Regional Transportation Plan Could Signal Boon For Orange County’s Economy

Orange County stands to generate tens of thousands of jobs annually over the next 25 years through smart, aggressive planning of transportation and transit improvements.


In its 2012-2035 Regional Transportation Plan/Sustainable Communities Strategy, the Southern California Association of Governments identified 446 Orange County-specific transportation projects, which, if fully implemented, would create 35,100jobs a year.


SCAG, which puts together a formal RTP/SCS for its six-county region every four years, is beginning work on the 2016-2040 plan, and experts say the need and expected results should be similar.


“There is an unquestionable link between transportation infrastructure investment and economic growth,” said John Husing, president of Economics & Politics, Inc. in Redlands. “Building infrastructure creates jobs. Improving mobility allows our goods movement and logistics industries to flourish. Eliminating congestion improves our quality of life. It’s an investment — not simply spending — if we get something in return."


Planning for the 2016-2040 RTP/SCS will be a major topic of discussion May 1-2 as elected leaders and policy makers throughout the region gather in Indian Wells for SCAG’s 2014 Regional Conference & General Assembly.


For Orange County, among the projects included in the 2012 plan were:


·       Adding one mixed-flow lane in each direction, converting existing HOV lane to HOT lane, and adding 1 additional HOT lane on I-405 from SR-73 to I-605, along with additional capital improvements at a cost of $1.7 billion;

·       Adding two mixed-flow lanes in each direction and one additional mixed-flow lane in each direction plus climbing lanes on SR-241 from I-5 to Oso Parkway at a cost of  $1.5 billion;

·       Adding high-frequency Metrolink service from Laguna Niguel to LA and providing corridor improvements and rail feeder service within the county at a cost of $1.2 billion;

·       Adding two mixed-flow lanes in each direction, plus climbing and auxiliary lanes on SR-241/261/133 from SR-91 to I-5/Jamboree at a cost of $1.2 billion;

·       Completing the Anaheim Rapid Connection: Elevated fixed-guideway system connecting the Anaheim Regional transportation Intermodal Center, the Platinum Triangle, and the Anaheim Resort at a cost of $676 million.





The investment is needed to address aging infrastructure and expected population growth to 3.4 million people in Orange County by 2035.


“Like the rest of Southern California, Orange County is growing, and so is the need for investment in highways and transit systems,” said Hasan Ikhrata, executive director of SCAG.
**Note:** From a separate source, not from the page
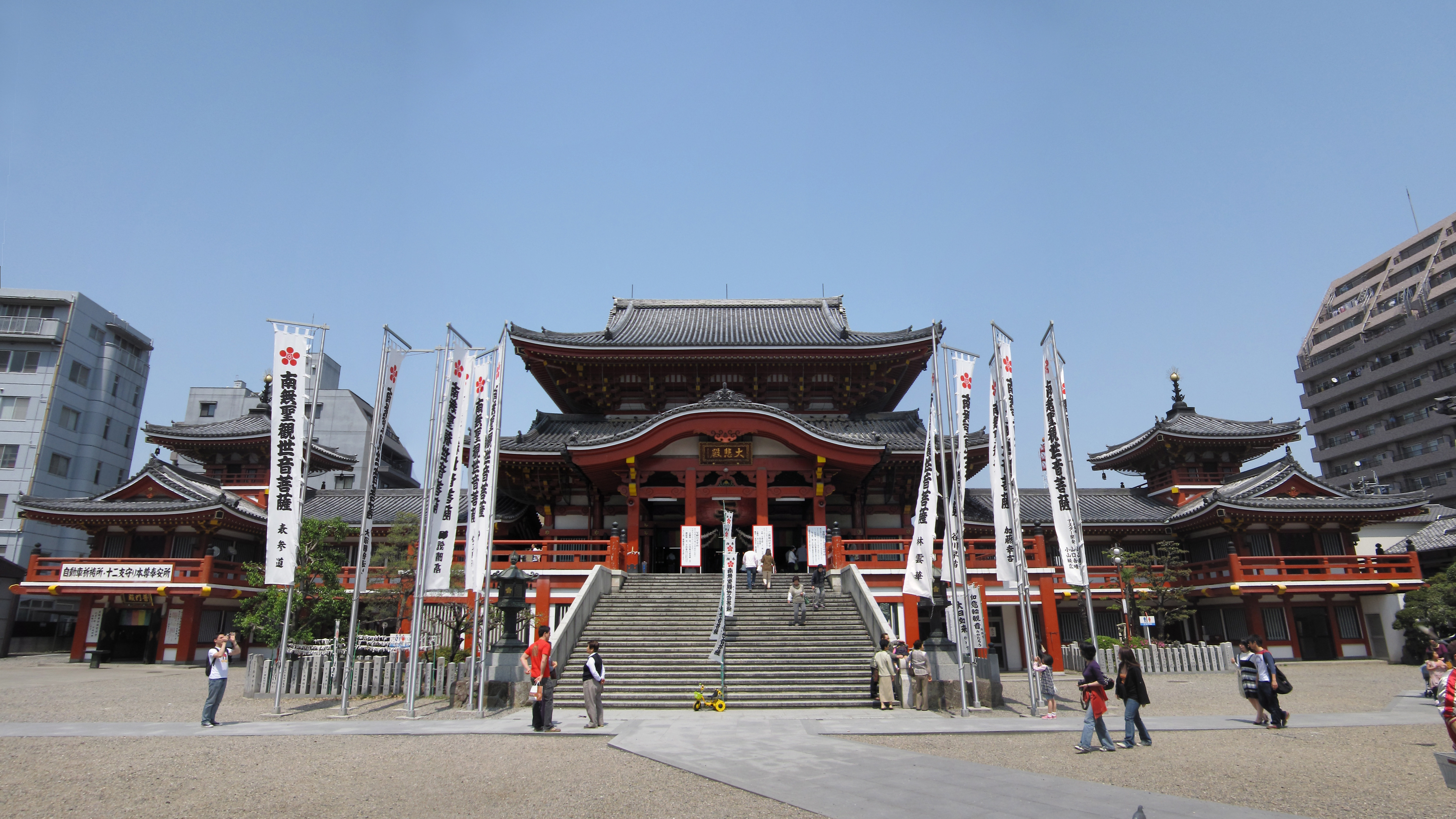 The temple of Ōsu Kannon in Nagoya, central Japan.

In 2012, for the first time, SCAG integrated land use, housing and environmental strategies into its RTP to meet emissions-reduction targets by the California Air Resources Board. By encouraging community revitalization and neighborhoods that are bike and pedestrian friendly, with convenient access to transit, Orange County households would save, on average, $4,000 a year in fuel, auto operating, energy and water costs.


The most obvious impact, however, would be felt on the road. Without the investments included in the 2012 RTP/SCS, average traffic delays are expected to increase slightly by 2035. With the investments, delays would fall by 6 minutes per day.


Of the $55.1 billion included for Orange County, $21.9 billion would go to highways, $7.4 billion to local streets and roads, and $25.8 billion to transit.